Off The Wire
METALS-Copper slides from 7-month peak on firm dollar, profit-taking
* Declining LME copper stocks support price
* GRAPHIC-2019 asset returns: (Updates throughout, changes dateline from BEIJING)
By Zandi Shabalala
LONDON, Feb 21 (Reuters) - Copper prices slipped from seven-month highs on Thursday as the dollar firmed and investors cashed in gains from a rally in the previous session fuelled by falling inventories.
The dollar found strength in minutes from a U.S Federal Reserve meeting that raised expectations for a possible U.S. interest rate hike this year. Three-month copper on the London Metal Exchange was down 0.4 percent to $6,378.50 a tonne by 1104 GMT, after hitting its highest since July 10 at $6,426.50 in the previous session.
On Wednesday LME copper broke through the key technical resistance area of $6,400, which triggered profit-taking alongside a stronger dollar, said Saxo Bank commodities analyst Ole Hansen.
"But overall the story driving copper is the worries about supply," he said.
Miner and trader Glencore on Tuesday lowered its 2019 copper output forecast to 1.5 million tonnes from 1.54 million due to production cuts at its Mutanda mine in the Democratic Republic of Congo. "(That) supports the idea that supply is tightening in copper, and has helped it move ahead despite the headwinds from the uncertainty related to global economic growth," Hansen said.
The metal used in power and construction has seen inventories fall while supply has been constrained by lack of investment in mines and declining grades.

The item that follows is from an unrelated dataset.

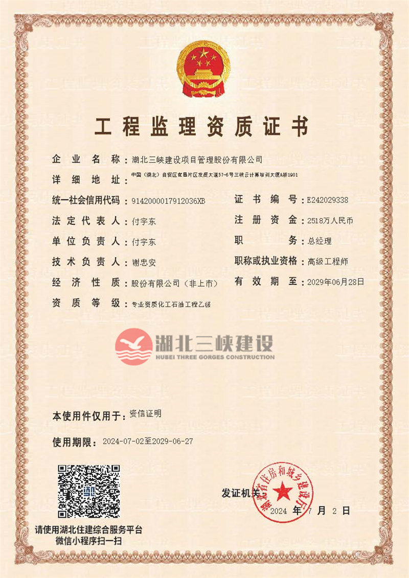 湖北三峽建設(shè)項(xiàng)目管理股份有限公司營業(yè)執(zhí)照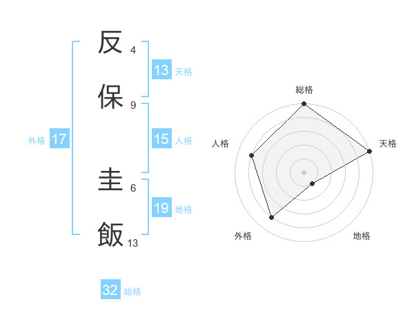 反保 圭飯さんの総格は32画の5点!

STOCKS: Stocks of copper in London Metal Exchange warehouses stand at 137,700 tonnes, close to 10-year lows of 122,500 tonnes hit in early December last year. DOLLAR: The U.S. currency gained against a basket of major currencies. A stronger greenback makes dollar-denominated commodities more expensive for non-U.S. firms, a relationship used by funds to generate buy and sell signals.
TRADE TALKS: The United States and China have started to outline commitments in principle on the stickiest issues in their trade dispute, the most significant progress yet toward ending a seven-month trade war, sources said. Signs of progress in trade talks usually boost metals and equities, but markets had been "brewing on that theme for too long and most of the positive news has been priced in already", said Saxo Bank's Hansen.
CHILE: Intense rains at the start of this month in Chile, the world's top copper miner, likely hurt productivity at state-owned miner Codelco's Chuquicamata and Radomiro Tomic mines, the country's mining minister said.
PRICES: Aluminium added 0.5 percent to $1,877.50, zinc eased 0.8 percent to $2,678, lead edged down 0.2 percent to $2,037, tin was steady at $21,255 while nickel shed 0.9 percent at $12,795.